PostgreSQL Faster Way to Check Column Existence

We often need to check that a column exists before creating it, especially when dealing with dynamically generated data being inserted into PostgreSQL. This brief article shows how to perform this operation quickly and offers a PGPLSQL solution for creating new columns in databases older than PostgreSQL 9.6.

Querying The Catalog

There are several ways to search the PostgreSQL catalog tables. The easiest for the programmer is to use the information_schema. The fastest is to build a custom query.

While it is enticing to query the information schema, it is not a fast operation.  Multiple nested loops are created to pull from the catalog tables even when looking for a single attribute.
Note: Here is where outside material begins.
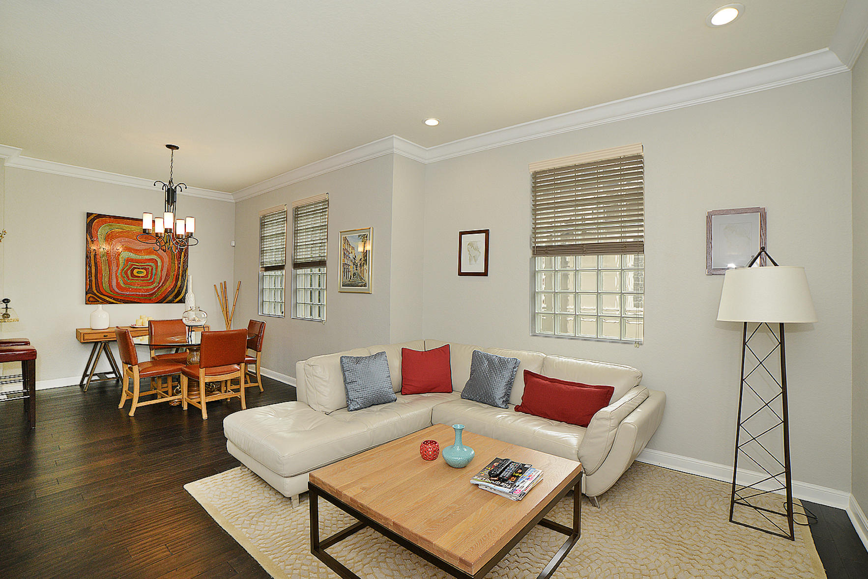 MUST SEE!! PRICED TO SELL!! Corner 2/2 unit fully renovated with a 2 car garage! Hardwood floors, LED recessed lighting. Marble kitchen floors, granite countertops with travertine back-splash, SS appliances. Porcelain tiled bathrooms with new toilets and built-in vanities from Restoration Hardware. Laundry room has built-in cabinets and stackable full size brand new W/D. Custom blinds through-out. Impact windows. 12 foot ceilings with crown molding base boards and ceiling! Nest thermostat and brand new bluetooth garage door opener! 24 hour fitness center and resort style pool. Close to Palm Beach Outlet Shops, I-95, Cityplace, downtown WPB and minutes to WPB airport.

The following query on the information_schema results in running a rather large set of operations nested within several loops:

EXPLAIN SELECT count(*) > 0 FROM information_schema.columns WHERE table_schema LIKE 'us_ut_sor' AND table_name LIKE 'dirtyrecords' AND column_name LIKE 'bullage'

When run, the output is as follows:

"Aggregate  (cost=3777.32..3777.33 rows=1 width=0)"
"  ->  Nested Loop Left Join  (cost=2.39..3777.32 rows=1 width=0)"
"        ->  Nested Loop  (cost=1.83..3775.73 rows=1 width=4)"
"              ->  Nested Loop Left Join  (cost=1.54..3775.42 rows=1 width=8)"
"                    Join Filter: (t.typtype = 'd'::"char")"
"                    ->  Nested Loop  (cost=0.84..3774.50 rows=1 width=13)"
"                          ->  Nested Loop  (cost=0.42..3770.19 rows=1 width=8)"
"                                ->  Nested Loop  (cost=0.00..3740.84 rows=1 width=8)"
"                                      Join Filter: (c.relnamespace = nc.oid)"
"                                      ->  Seq Scan on pg_namespace nc  (cost=0.00..332.06 rows=1 width=4)"
"                                            Filter: ((NOT pg_is_other_temp_schema(oid)) AND (((nspname)::information_schema.sql_identifier)::text ~~ 'us_ut_sor'::text))"
"                                      ->  Seq Scan on pg_class c  (cost=0.00..3407.26 rows=121 width=12)"
"                                            Filter: ((relkind = ANY ('{r,v,f}'::"char"[])) AND (((relname)::information_schema.sql_identifier)::text ~~ 'dirtyrecords'::text))"
"                                ->  Index Scan using pg_attribute_relid_attnum_index on pg_attribute a  (cost=0.42..29.35 rows=1 width=14)"
"                                      Index Cond: ((attrelid = c.oid) AND (attnum > 0))"
"                                      Filter: ((NOT attisdropped) AND (((attname)::information_schema.sql_identifier)::text ~~ 'bullage'::text) AND (pg_has_role(c.relowner, 'USAGE'::text) OR has_column_privilege(c.oid, attnum, 'SELECT, INSERT, UPDATE, REFE (...)"
"                          ->  Index Scan using pg_type_oid_index on pg_type t  (cost=0.42..4.30 rows=1 width=13)"
"                                Index Cond: (oid = a.atttypid)"
"                    ->  Nested Loop  (cost=0.70..0.90 rows=1 width=4)"
"                          ->  Index Scan using pg_type_oid_index on pg_type bt  (cost=0.42..0.58 rows=1 width=8)"
"                                Index Cond: (t.typbasetype = oid)"
"                          ->  Index Only Scan using pg_namespace_oid_index on pg_namespace nbt  (cost=0.29..0.31 rows=1 width=4)"
"                                Index Cond: (oid = bt.typnamespace)"
"              ->  Index Only Scan using pg_namespace_oid_index on pg_namespace nt  (cost=0.29..0.31 rows=1 width=4)"
"                    Index Cond: (oid = t.typnamespace)"
"        ->  Nested Loop  (cost=0.56..1.57 rows=1 width=4)"
"              ->  Index Scan using pg_collation_oid_index on pg_collation co  (cost=0.28..0.35 rows=1 width=72)"
"                    Index Cond: (a.attcollation = oid)"
"              ->  Index Scan using pg_namespace_oid_index on pg_namespace nco  (cost=0.29..1.21 rows=1 width=68)"
"                    Index Cond: (oid = co.collnamespace)"
"                    Filter: ((nspname  'pg_catalog'::name) OR (co.collname  'default'::name))"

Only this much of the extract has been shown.